Dry needling, sometimes referred to as western acupuncture, is an evidence based, brilliantly effective solution to musculoskeletal pain.
Before I attempt to convince you that this is the best thing since sliced bread, I do want to make it very clear that I am not referring to traditional Chinese medicine (TCM), acupuncture. TCM views the body in a different way from western medicine, and often uses acupuncture to treat a variety of systemic illnesses that fall way outside of a physio’s scope of practise.
Disclaimer out the way, lets have a look at why you should consider letting me stick needles in you.
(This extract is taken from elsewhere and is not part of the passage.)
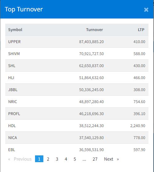 आज सेयर बजारमा गिरावट आउँदा अपर तामाकोशी हाइड्रोपावरको सर्वाधिक कारोबार भएको छ । कम्पनीको यस दिन ८ करोड ७२ लाख २६ हजार रुपैया बराबरको कारोबार भएको छ । त्यस्तै, शिवम् सिमेन्ट्सको ७ करोड ९ लाख २१ हजार रुपैयाँ ,सोल्टी होटलको ६ करोड २६ लाख ७ हजार रुपैयाँ, हिमालयन लाइफ इन्स्योरेन्सको ५ करोड १६ लाख ६२ हजार रुपैयाँ र ज्योति विकास बैंकको ५ करोड २ लाख ४६ हजार रुपैयाँको कारोबार भएको हो ।

So first of all, what is dry needling?
Dry needling is defined as
‘the insertion of a solid filament needle into trigger points’
Ok, that’s all well and good, we’ve all heard of them, but what actually are trigger points?
Myofascial trigger points are tender areas within muscles that often feel like a hard bump. When palpated they can hurt and cause referred pain to other areas. If left untreated they can cause your muscles to become very tight, potentially restricting your movement.
What kind of conditions can dry needling help with?
Fortunately this treatment modality has a fairly sizable body of medical research behind it.
The most conclusive, high level body of evidence finds that dry needling is particularly effective for:
- Chronic lower back pain (2)
Slightly lower quality, yet still relevant studies support the use of dry needling for:
- Neck pain (4, 11)
- Shoulder pain (4, 10, 12)
- Knee osteoarthritis (8, 13)
- Migraines and tension type headaches (1, 5, 6, 9)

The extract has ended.